SC introduces enhanced listing framework


Among the key features of the enhanced framework is the introduction of a mandatory pre-submission holistic consultation between the SC and key stakeholders including the applicant, principal advisers, lawyers, reporting accountants and valuers, the SC said.

PETALING JAYA: The Securities Commission (SC) has introduced an enhanced initial public offering (IPO) framework, aimed at promoting a higher level of shared responsibility among key stakeholders involved in the submission of an IPO.

Among the key features of the enhanced framework is the introduction of a mandatory pre-submission holistic consultation between the SC and key stakeholders including the applicant, principal advisers, lawyers, reporting accountants and valuers, the SC said.

The SC said the mandatory pre-submission session was important for upfront engagements of any material issues and concerns prior to the submission of an IPO application, thereby ensuring the proposed IPO is vetted more thoroughly before an actual submission.

All key stakeholders must be present for such discussions. This new framework will take effect on Jan 1,2021. The IPO framework was last revamped in 2008.

At a briefing yesterday, the SC also said discussions were being held with Bursa Malaysia for the latter to take over the current role of the SC when it came to regulatory framework for the ACE Market.

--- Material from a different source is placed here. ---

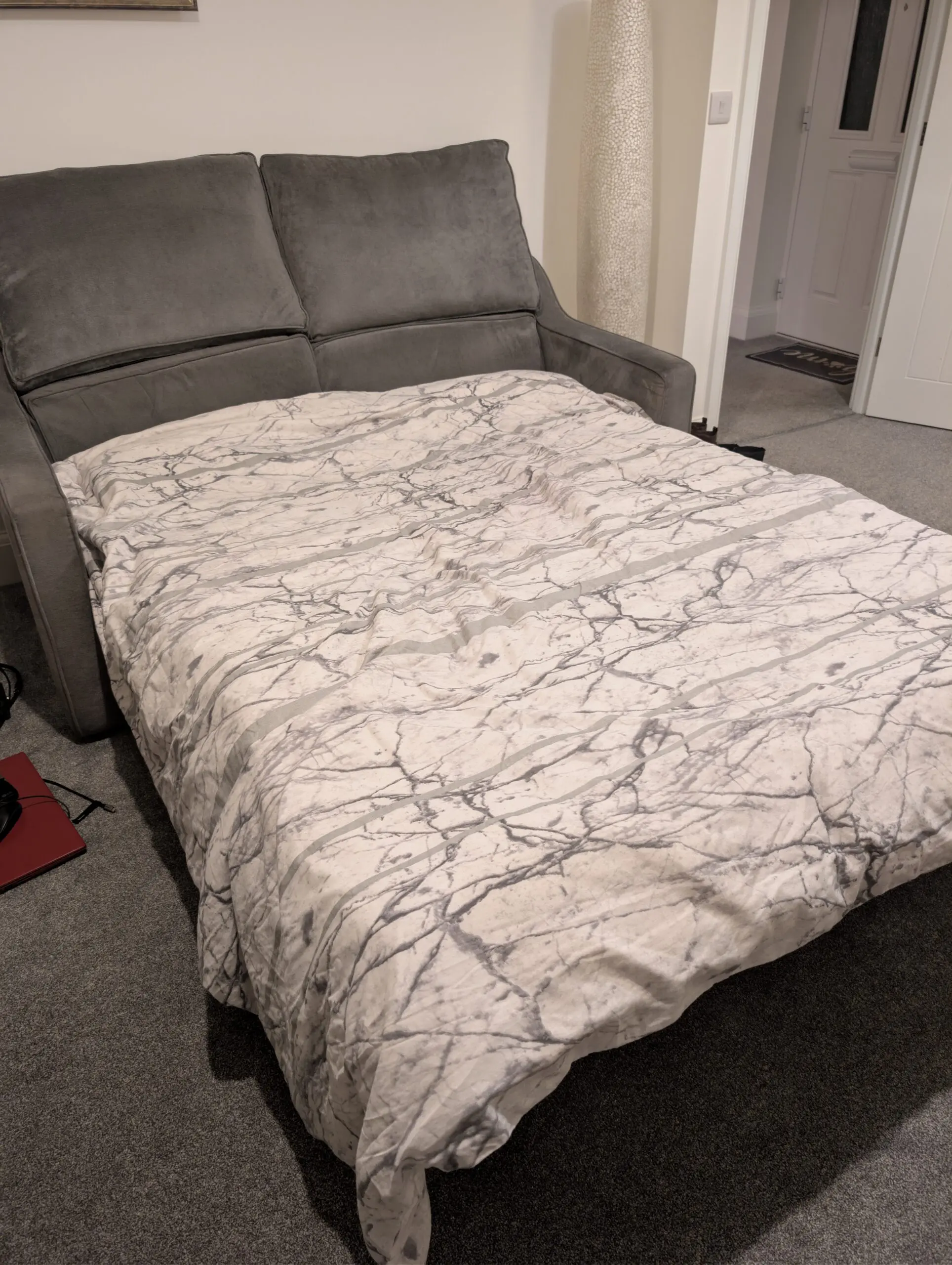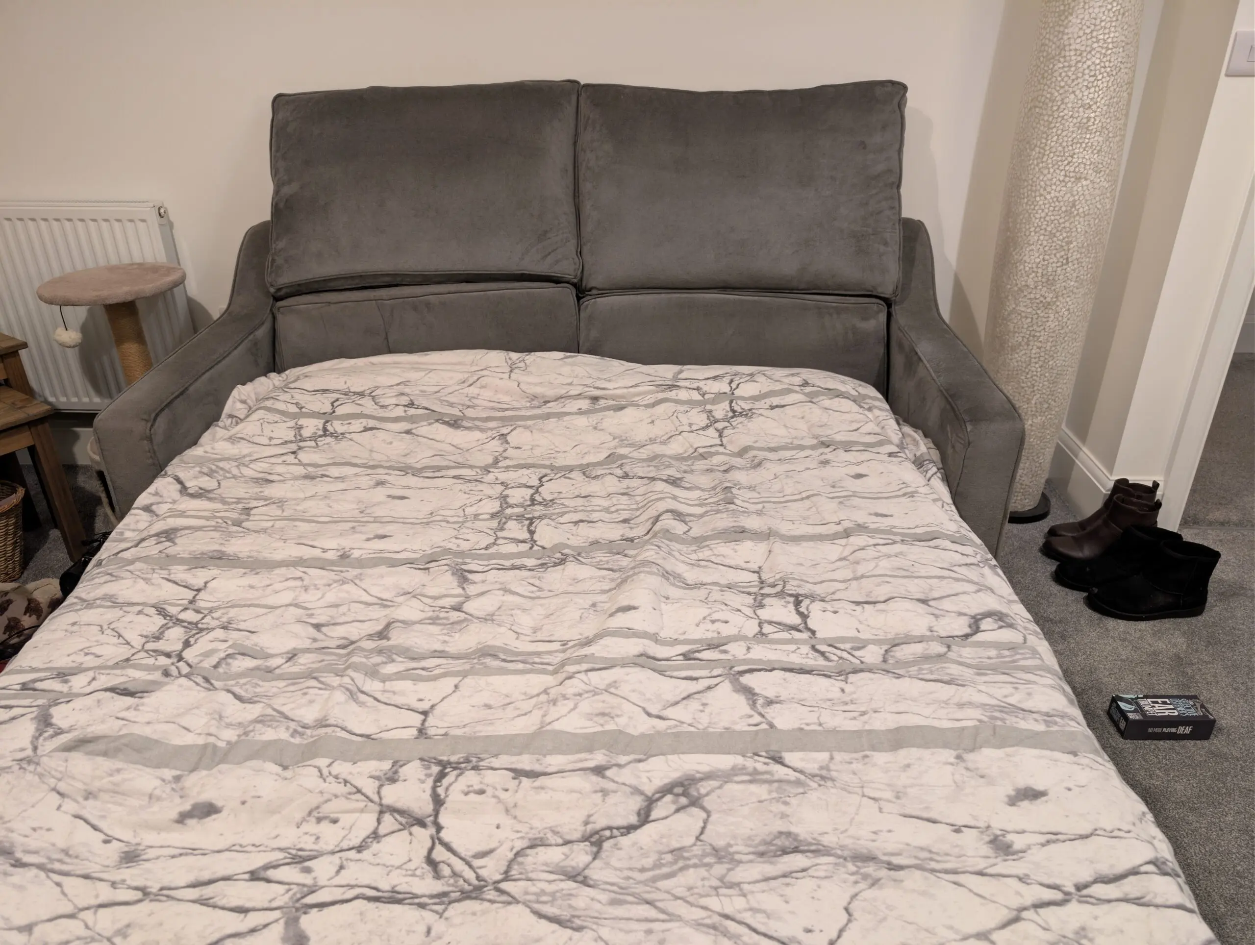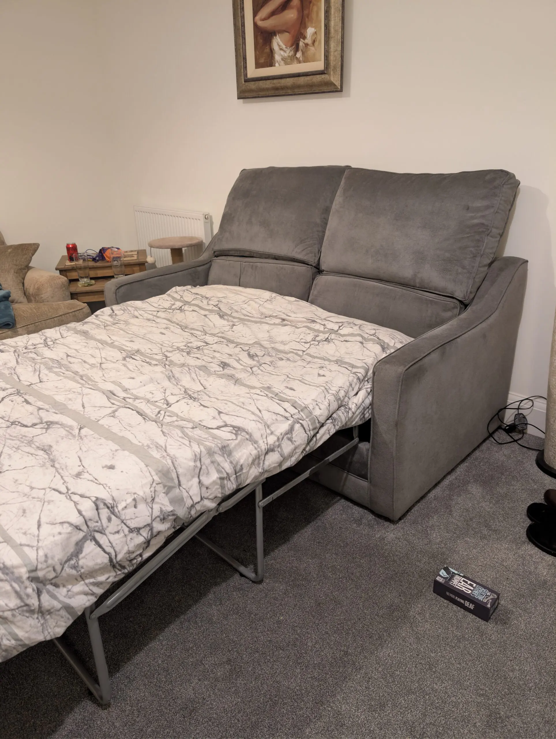 Comfortable pull out sofa bed, unknown brand as bought from an independent furniture store
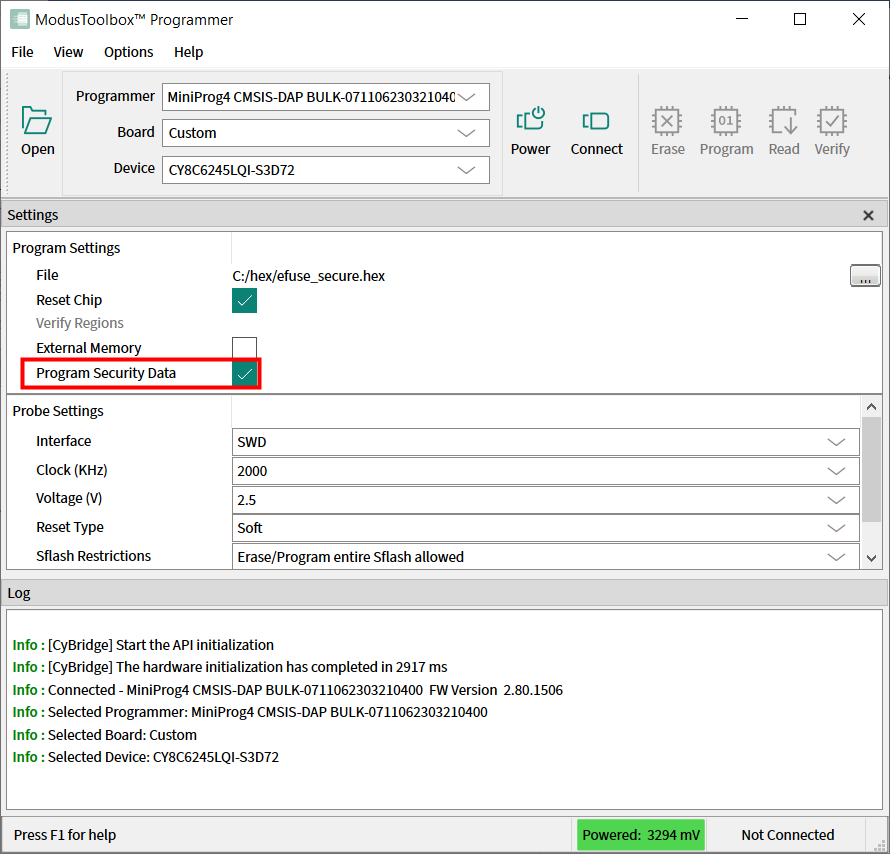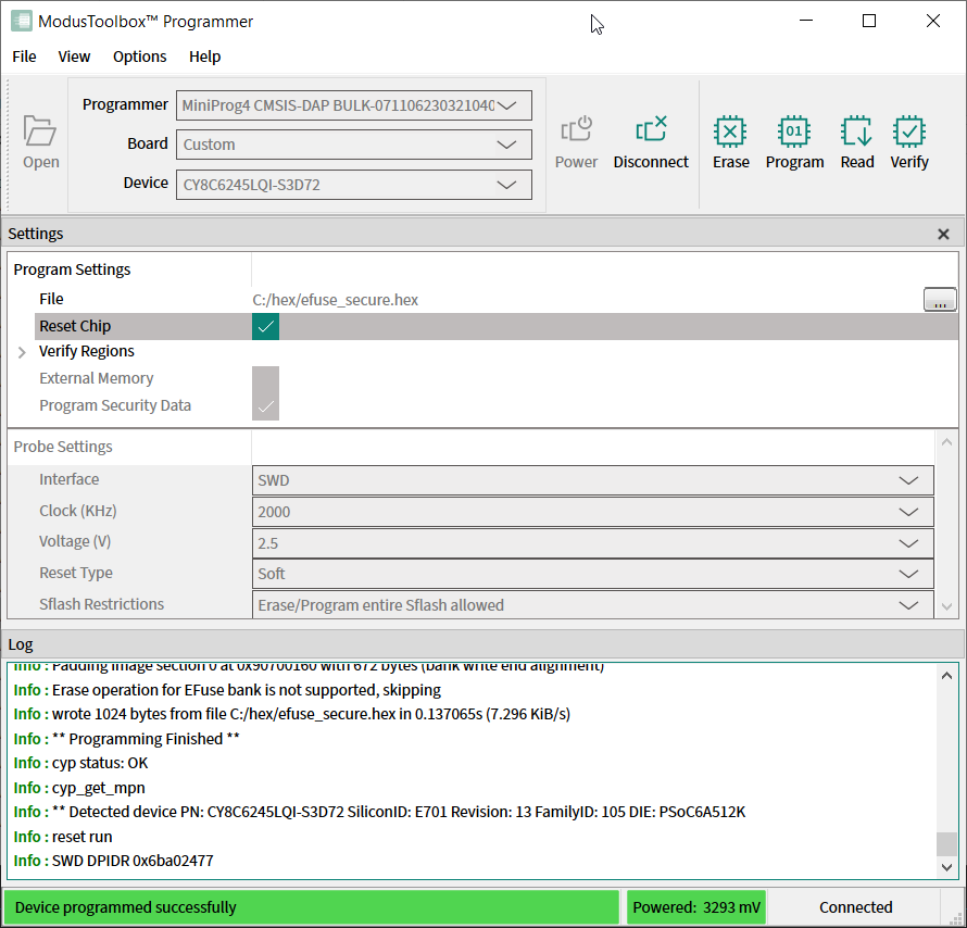 ModusToolbox™ Programmer programs the device and displays various messages in the Log. Then, a message in the Status Bar indicates that the device was programmed successfully or that an error occurred.

This would include the potential migration of the entire ACE framework, including the registration of prospectus, to Bursa by the first half of next year.

Both parties will be working together to enhance Bursa’s internal processes and resources for this added task.

Meanwhile, under the enhanced IPO framework, which is also applicable for reverse takeover submissions, the SC said there would also be a longer draft exposure period, which would stretch until the date of registration of the prospectus as opposed to the current 15-market day exposure period.

This, the regulatory body said, would allow for more public participation with regards to feedback.

Additionally, the current fixed-time period for the processing of an IPO application will be removed.

Instead, there will be no fixed-time charter for the processing of an application but once an application exceeds the six-month validity period, it will lapse.

Under the refreshed framework, the SC also said there would be a liberalisation of the approved principal adviser and qualified senior personnel regime, which will see a higher number of qualified professionals involved in the submission of an IPO.

To this end, the SC has revised the Licensing Handbook, which includes the incorporation of the eligibility criteria of such individuals.